Multi-Sensing Platforms Defined
Back in 2003, NASA experienced the downside to “good enough” sensing solutions firsthand when the Helios aircraft broke up over the Pacific Ocean. Thankfully, it was an unmanned vehicle so no one was injured. Unfortunately, millions of dollars of investment literally sank before their eyes. This spurred the team at NASA Armstrong (formerly NASA Dryden) to develop a sensing technology capable of keeping pace with their innovations. They realized that breakthroughs they made in developing a fiber optic sensing platform had vast applications and benefits across multiple industries due to its ability to obtain real-time, spatially continuous information of multiple parameters. The foundation they laid enabled the technology to be developed into a commercially available platform to help organizations across industries drive their innovations forward.
Multi-sensing platforms, simply put, are sensor technologies that can monitor multiple parameters (strain, temperature, deflection, etc.) simultaneously and are robust enough that they can be deployed in multiple applications across an organization and utilized throughout the product life cycle. It’s not just about being able to monitor different parameters using the same data acquisition hardware. More than that, a multi-sensing platform can consolidate sensing technology so the same hardware, with minor changes in application techniques and sensor packaging, can adapt to cover multiple testing and monitoring needs of an organization.
To do this, the sensing system must obtain data in real time and obtain spatially continuous information. Point sensors can miss events that occur between critical points, leaving blank spaces in the picture painted by the data. These features allow multi-sensing platforms to be deployed in lifecycle monitoring applications from design validation to providing feedback for flight control systems.
Sensing Technologies Today
Data acquisition hardware can collect data from strain gauges, thermocouples, and other point sensors simultaneously, but these systems fall short of the definition of a multi-sensing platform in a number of ways. First, they are well suited for periodic tests but are not designed for long-term monitoring. Additionally, they only obtain points of information.
While it is possible to get thousands of data points on a test article from strain gauges, the wiring and acquisition hardware necessary makes the task cumbersome and expensive due to extensive time and expertise requirements for installation. This limits the extent to which engineers can test and monitor their innovations.
Other technologies are capable of obtaining distributed measurements such as digital image correlation, which has numerous benefits in laboratory settings due to its ability to comprehensively measure such things as full-field material deformation. However, its spatial coverage is minimal, and it cannot be readily applied outside of a laboratory environment.

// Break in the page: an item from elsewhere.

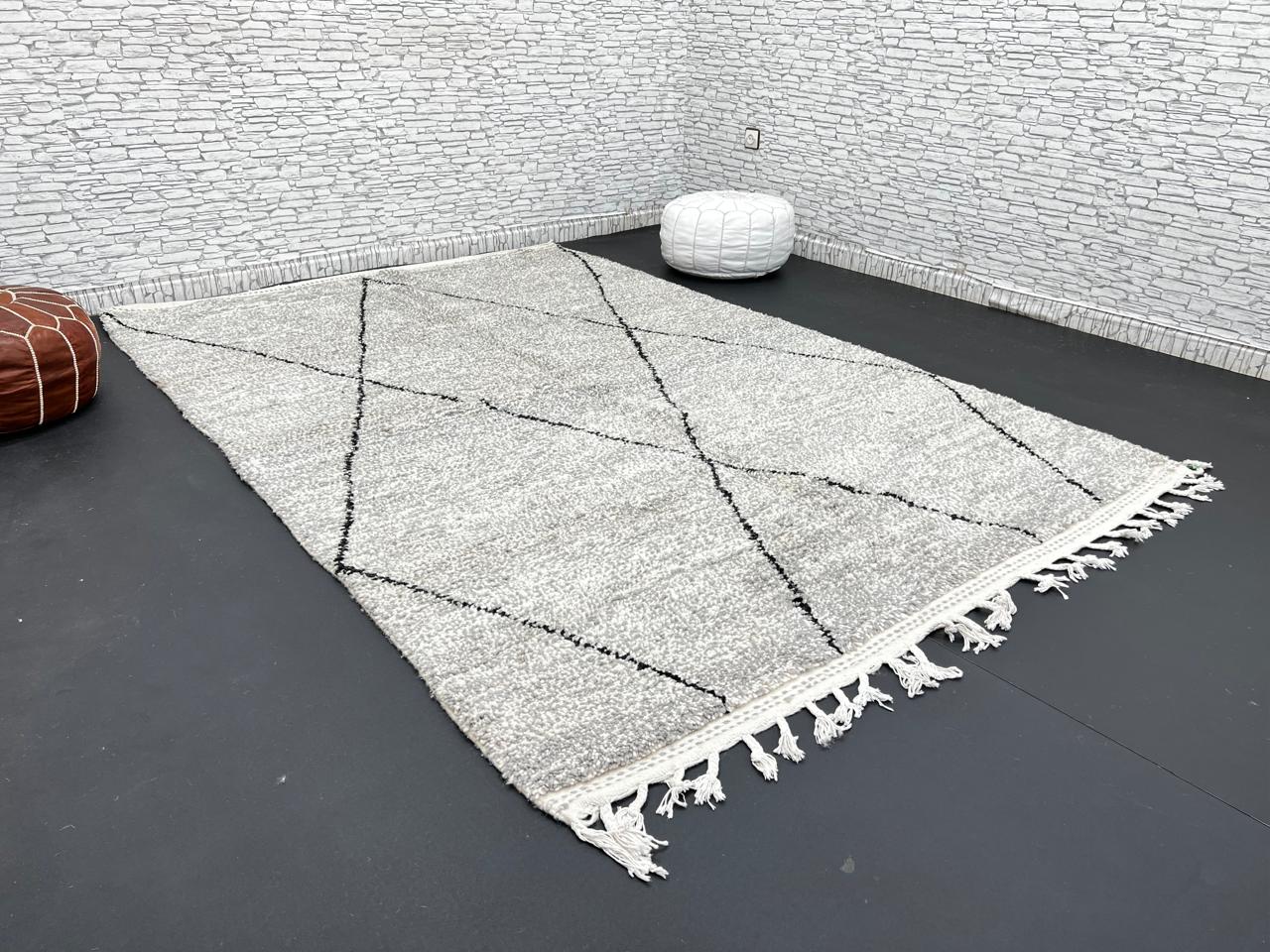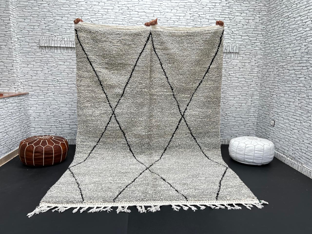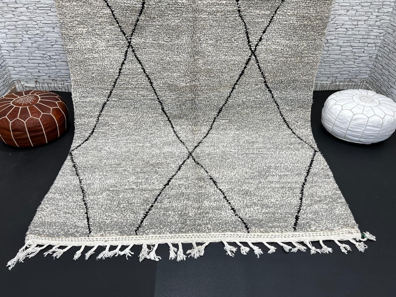 This Gray Beni Ourain Moroccan Wool Rug blends minimalist elegance with authentic Berber craftsmanship. Handwoven by Berber women in the Atlas Mountains, it features a soft gray base with the iconic black diamond pattern, symbolizing harmony and protection in Moroccan culture.

This technology will continue to gain traction in some settings. However, it is not well suited, nor designed, for environments outside the laboratory and can be cumbersome to implement.
Fiber optic sensing (FOS) technologies offer multiple advantages that other sensing technologies cannot. FOS technologies are also able to operate in temperatures ranging from -270°C to 900°C, depending on the technology, making them well suited for harsh environments. Historically fiber optic sensors have had mixed results when it comes to accuracy; however, systems today are equally or more accurate than legacy sensing technologies such as strain gauges and thermocouples.
Perhaps the most significant advantage of FOS technologies is that some can obtain real-time distributed data and sense multiple parameters at the same time. In other words, there are fiber optic multi-sensing platforms currently available in the market today.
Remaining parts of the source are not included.